The tremendous amount of down time I’ve had in Gainesville translated itself into some productiveness. I’ve done my taxes and removed the furniture from and painted the house’s study. In terms of music I had the opportunity to make not just the bookmarkers and business cards but also run through all the logistics (a nightmare of circular phone calls) that lead up to producing a CD. While Maria mastered the live covers I made in November I contacted the necessary publishing agencies and CD duplication companies. That part constituted a headache. Happily another integral part of making a CD is the album artwork. I’ve thought recently how lucky it is I’m graphically literate enough to make my own websites and graphics. While I’m slightly sick of all the close up squinting at Photoshop, I had a quite a good time with the images.
I plan to release the record in two weeks on the twenty fourth of February. This may be a wishful target.
I think I’ll detail a little bit how the process works as I found another blogger’s post quite helpful for me. Obviously, skip away if this doesn’t sound interesting.
By making a cover album I needed to pursue the rights for each song and it took me some time to figure out where to start. Eventually most of the individual companies I called (I found out their information by looking up each song at ASCAP, SESAC, or BMI) re-routed me to the Harry Fox Agency, where I began the rather simple process of obtaining mechanical licenses. Everything is automated there – you first type in details about your record (how many copies, title, artist, etc.) and then whatever songs you need, add them to your basket. Sometimes there are multiple copies of a song with slightly different spellings or album releases. Calls to the publisher solve that.
Every now and again I ran into songs not licensed by HFA so I unconcernedly called up their individual publishers. Here I met a gamut of responses. Some publishers simply haven’t – Universal, BMG, Essex – but this turned out to be a small problem as I eventually struck those songs from my final list. On the other end of the spectrum was Chrysalis Music. The Managing Director in charge of licensing there answers my emails almost as soon as they’re sent and went out of his way to call me and clarify specifically what sort of licenses I needed, what the label copies should look like (the notes on the album which indicate the writer’s and publisher’s information) and even advice on books to read about the business and rates I should be charged for streaming – not the absurd $295 I was originally quoted but closer to $25.
A funny anecdote: While browsing Border’s for covers of the songs so I might find examples of liner note credits – one must call each publisher directly for their specific liner notes, but they don’t seem to care too much and brushed me off or ran me around in circles – I ran into a fashion designer from Miami on his way back from Chicago.
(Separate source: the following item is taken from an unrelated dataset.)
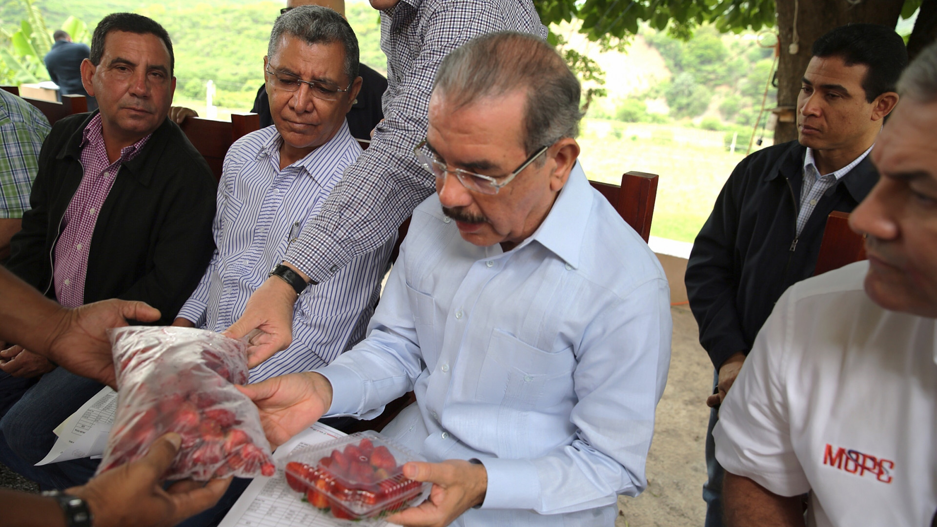 El presidente Medina junto a Antonio López, director del FEDA, observan muestras de fresas producidas en la zona.

He came on to me rather hard, friendly and conversationally, no innuendo but still clear in body language. He nearly stood upon my toes. At forty something despite being extremely kind and gentle eyed I happily conversed about music (he’s an amateur songwriter, himself) and his thoughts on my album graphics, but took my leave at the door to the restroom.
Each license costs 9.1 cents per song per instance, or if over five minutes 1.75 cents per minute per song per instance. This adds up extremely fast – royalties alone for my seven track record have me out $453.03. Now those of you astute with numbers may notice this is about one track extra in cost. There are two ways this can occur – either with a medley like Somewhere Over the Rainbow which requires a license for each or when the individual publishers state a minimum higher than 500 units. The song Hello is published by Brenda Richie Publishing and Brockman Music, for instance, and both have 2000 unit minimums which I had to negotiate down to 1000, still twice my projected yield and there you see the extra track.
As for the fabrication of the disc itself, I toyed a long while with personal production. When I worked out the material cost alone, however, it added up to nearly that of the cheapest company I’ve found – Nationwide Disc. You can imagine how long it might take to burn 500 CDs individually, print upon them one at a time and finally print and assemble their envelopes by hand.
It seems the standard cost for a small release of 500 CDs costs about $700-$800. Nationwide Disc charges $485. I’ve chosen full color printing on the disc face and gloss cardboard jacket, with shrink wrapping. I’m deciding whether to pick them up from Richland Hills, TX or to have them shipped to my mother in Florida. My intention is to try and sell them on the street as I busk and at the few gigs I can captain along the way. This task is daunting, though – I’ll need to sell 149 copies at $9 each to recoup the initial investment. (Again, you math savvy readers may note this number is 4/3 what it initially ought to be, but that’s explained away by the 25% of each sale I will cede to Maria).
As you can see I’ve taken a bit of a risk with this Cover EP venture. It will certainly teach me a lot over the coming months as I prepare to release my debut EP.